Protein structure prediction is a relatively young area of bioinformatics research, but a fast-growing one. Bioinformaticians have already built modelling and prediction tools that nave users can apply to produce approximate models of the three-dimensional structures of protein gene products, from the newly acquired nucleotide sequence of those genes. Generating such models by bioinformatic means is, of course, a great deal easier and less expensive than cloning, expressing and crystallizing proteins to determine their structures.


Such tools should not be trusted. When you do any kind of structure prediction for yourself your results will not just be wrong; if you use a so-called knowledge-based method, the data on which the predictions are based will already be wrong. The most successful protein structure prediction technique, comparative modelling, is, at its best, only as good as the quality of the structure(s) used as a template to build the model. It is important to remember that experimentally determined biomolecular structures are themselves models, albeit ones constrained by vast numbers of real world data.


Many of the best, knowledge-based bioinformatic methods depend not only on whether or not your uncharacterized query protein has an easily identified homologue, but on the number of members of its family of homologues already available. Unless a very poor method is chosen the quantity and quality of the existing template data are often more important than the modelling program used.

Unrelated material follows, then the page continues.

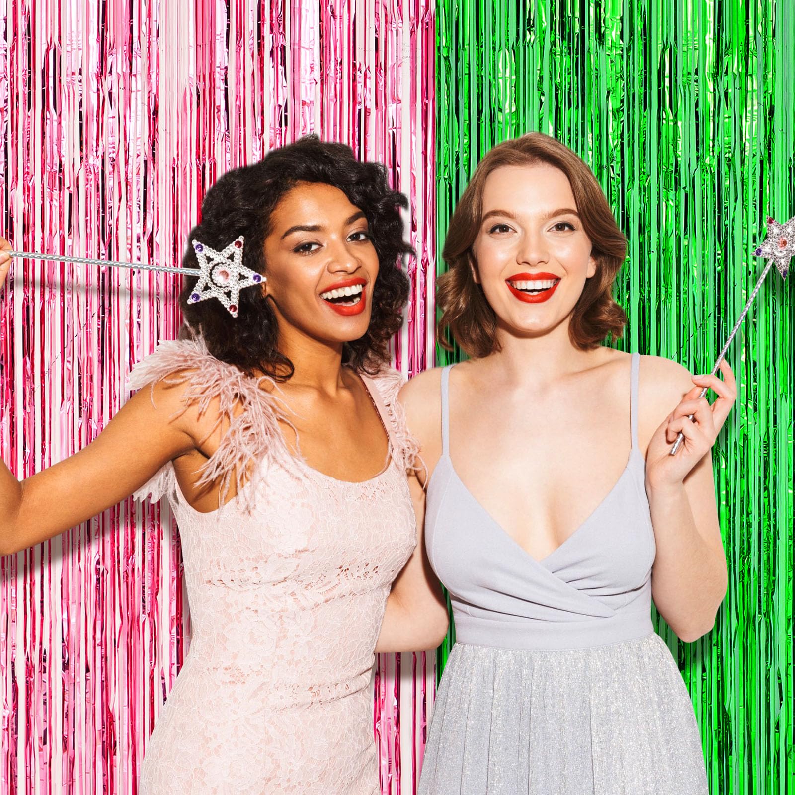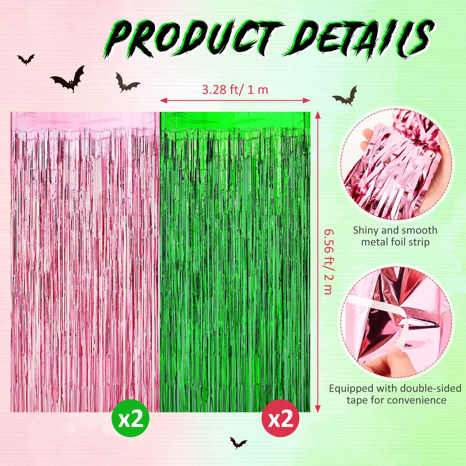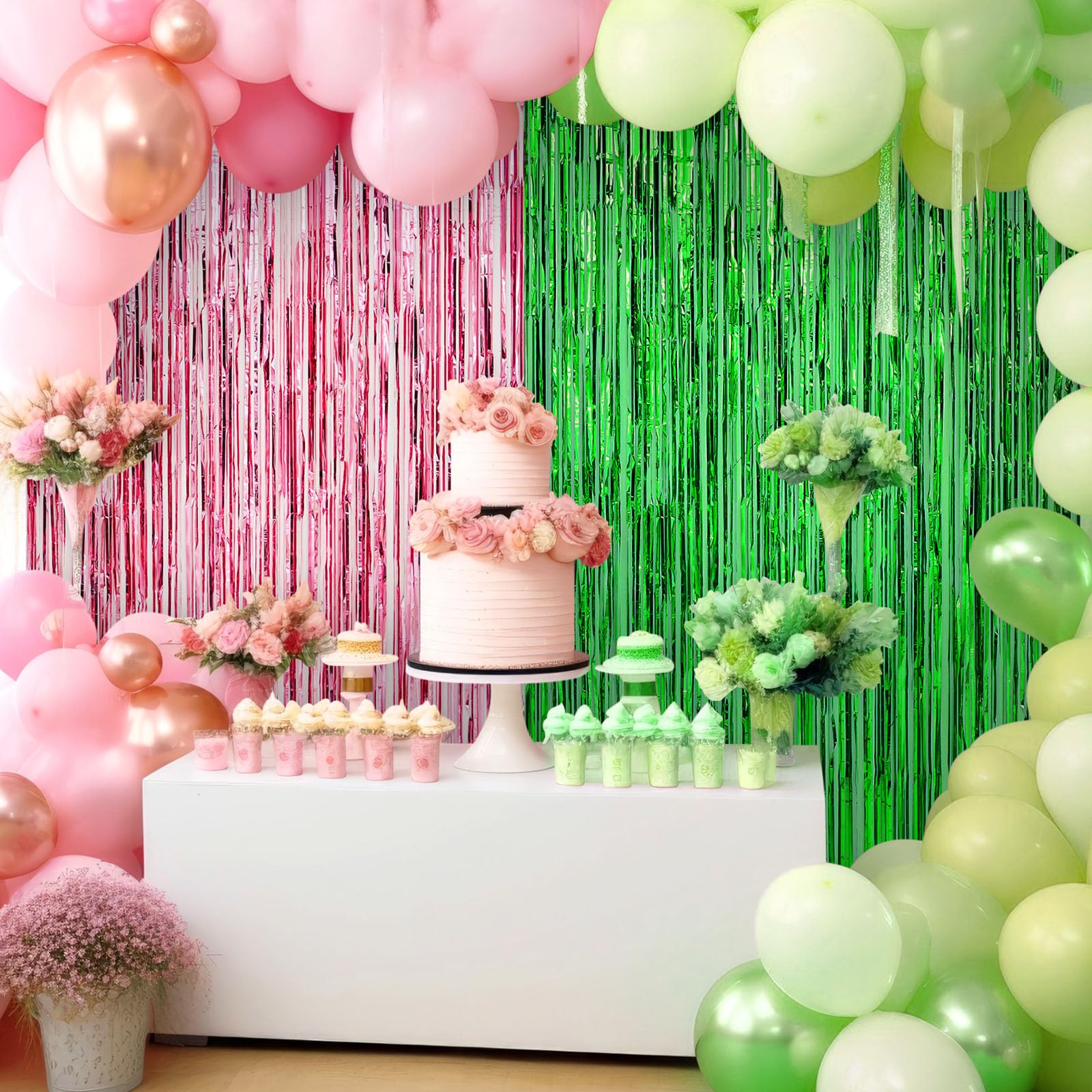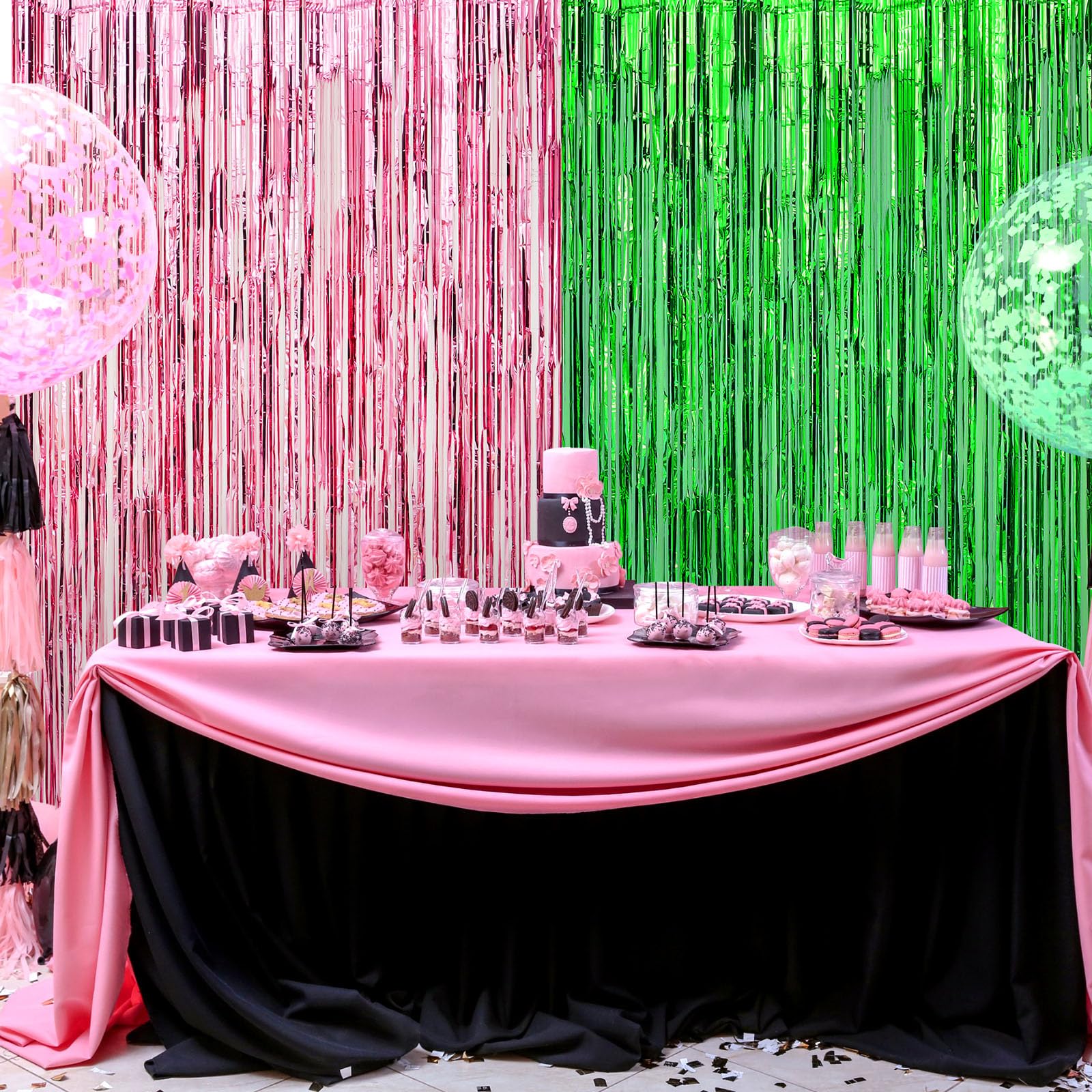 Quality Metal Shiny Tinsel Material: the green streamers backdrop made from shiny tinsel, this set of 4 green pink foil fringe curtains offers dazzling reflective capabilities, creating an attention grabbing, enchanting effect; The scintillating shimmer and shine will certainly set a glowing and delightful atmosphere for your party

The Process of structure prediction

Here is a possible sensible programme of steps to use in the process of characterizing a newly sequenced gene product:

The Stages of bioinformatic structure prediction


Literature search

It might seem unusual to make the first stage of a bioinformatics investigation a trip to the library, but this part of the journey often turns out to be more important than the others. Researchers in biological fields can avoid many serious errors by simply getting to know the area they are investigating first. Apart from anything else, someone may already have built a model of the your protein(s) of interest.


These days most biomedical literature databases are cross-linked with bioinformatics resources. For example, a paper in which several slightly varying isoforms of a given enzyme are compared biochemically might link to the corresponding entries for their actual protein sequences in a genomic database, or the co-ordinates of their constituent atoms in a structure database.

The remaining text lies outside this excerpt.